Chevron Misleads Investors, Says Amazon Watch
SAN FRANCISCO, March 26 /PRNewswire/ -- The Securities and Exchange Commission (SEC) has been urged to impose a "substantial" sanction on Chevron for misrepresentations to shareholders over a potential $10 billion liability resulting from a class-action environmental lawsuit in the Ecuadorian Amazon.
In a letter to SEC Chairman Christopher Cox, environmental group Amazon Watch said Chevron had told shareholders a "series of falsifications, exaggerations, omissions, and misleading public statements" to downplay its liability in a lawsuit brought by thousands of rainforest residents over what experts say is the worst oil-related disaster on the planet. The full text of the letter can be seen on http://www.chevrontoxico.org.
A court-appointed expert is preparing a damages assessment, which the plaintiffs expect to be more than $10 billion.
"Chevron created an environmental catastrophe in Ecuador and as a result thousands of vulnerable rainforest residents are suffering from dangerous toxic pollution," said Luis Yanza, a representative of the 80 communities and five indigenous groups that brought the lawsuit.
Last month, Chevron conceded to the office of the U.S. Trade Representative that it expects "a near-term unfavorable finding from the Ecuadorian court and potentially enormous ... financial liability," according to a copy of the submission obtained by Amazon Watch. Chevron also said it was the victim of an "unfair" trial, an assertion that the plaintiffs dispute.
Yet Chevron for years has refused to mention this potential liability in its public filings as required by securities law, the group said in the letter.
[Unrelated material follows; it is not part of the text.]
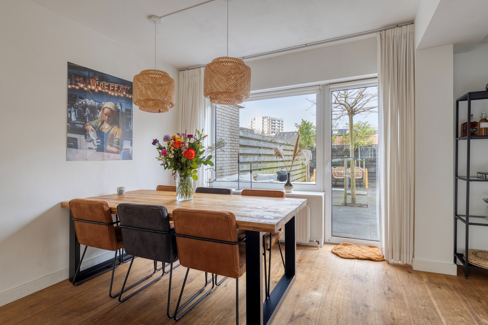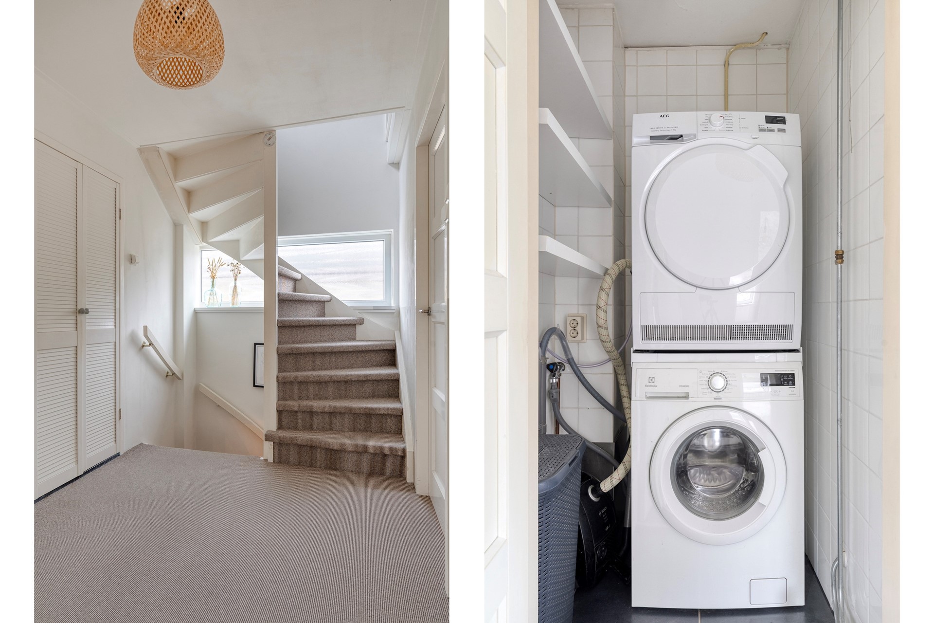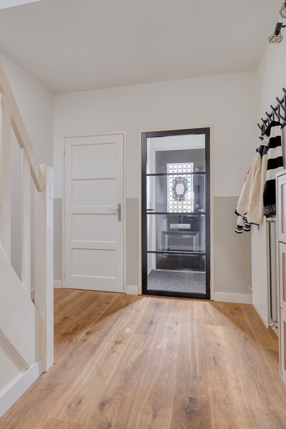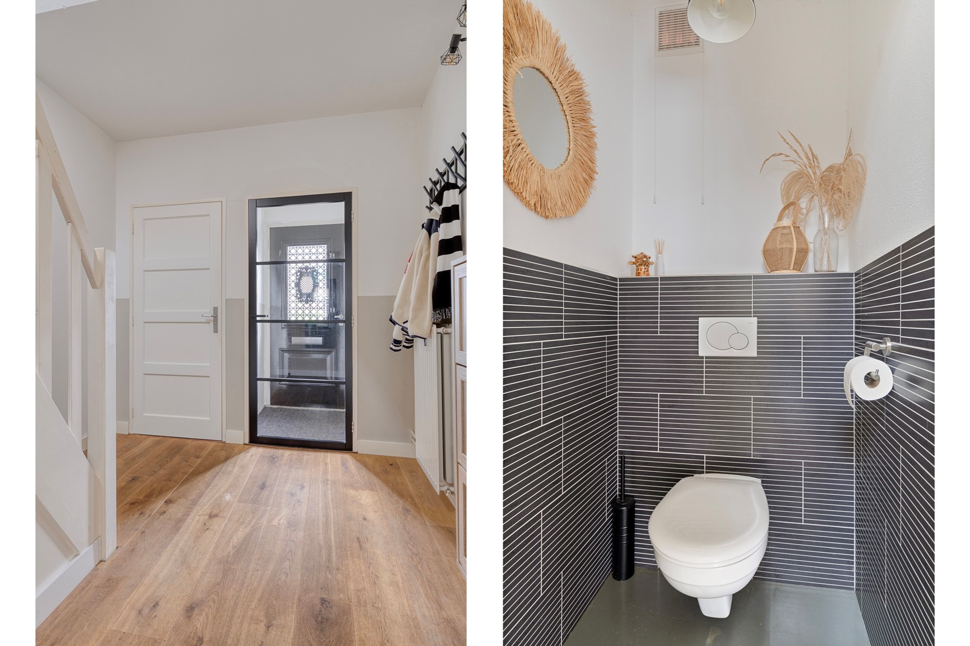 Begane grond: Via de entree met karakteristieke voordeur kom je in het tochtportaal met meterkast en toegang tot de ruime en lichte hal. Hier is een net toilet en de trap (met trapkast) naar de eerste verdieping. De gezellige, lichte én tuingerichte woonkamer is een van de fijnste plekjes in dit huis. De sfeervolle houten vloer en de prettige lichtinval geven de ruimte een warme uitstraling. De woonkamer staat in open verbinding met de keurige open keuken voorzien van diverse inbouwapparatuur zoals een 5- pits gaskookplaat, koelkast, oven, vaatwasser én is voorzien van ingebouwde lichtspots. De woonkamer en keuken zijn gezamenlijk maar liefst ca. 39 m² groot, perfect voor het hele gezin.

Chevron also placed information on its corporate website that suggests it faces no risk in Ecuador, according to the organization.
"Chevron misleads its shareholders by claiming in public that it has no liability in Ecuador, while in private it claims to face an enormous liability," said Atossa Soltani, Amazon Watch executive director. "Which is it? The SEC must ensure that Chevron tells the truth about its liabilities in public as well as in private discussions."
Expected to conclude this year, the Ecuador lawsuit accuses Chevron of digging close to 1,000 open-air waste pits in the rainforest and filling them with toxic-laden oil sludge that has leeched into the soil and groundwater. The company is also accused of dumping 18 billion gallons of toxic wastewater into rainforest waterways from 1964 to 1990, the years it operated a lucrative oil concession in Ecuador.
Chevron's sub-standard operational practices in Ecuador "threaten the survival of rainforest indigenous groups and can be linked to hundreds of deaths from cancer and other oil-related diseases," said the letter.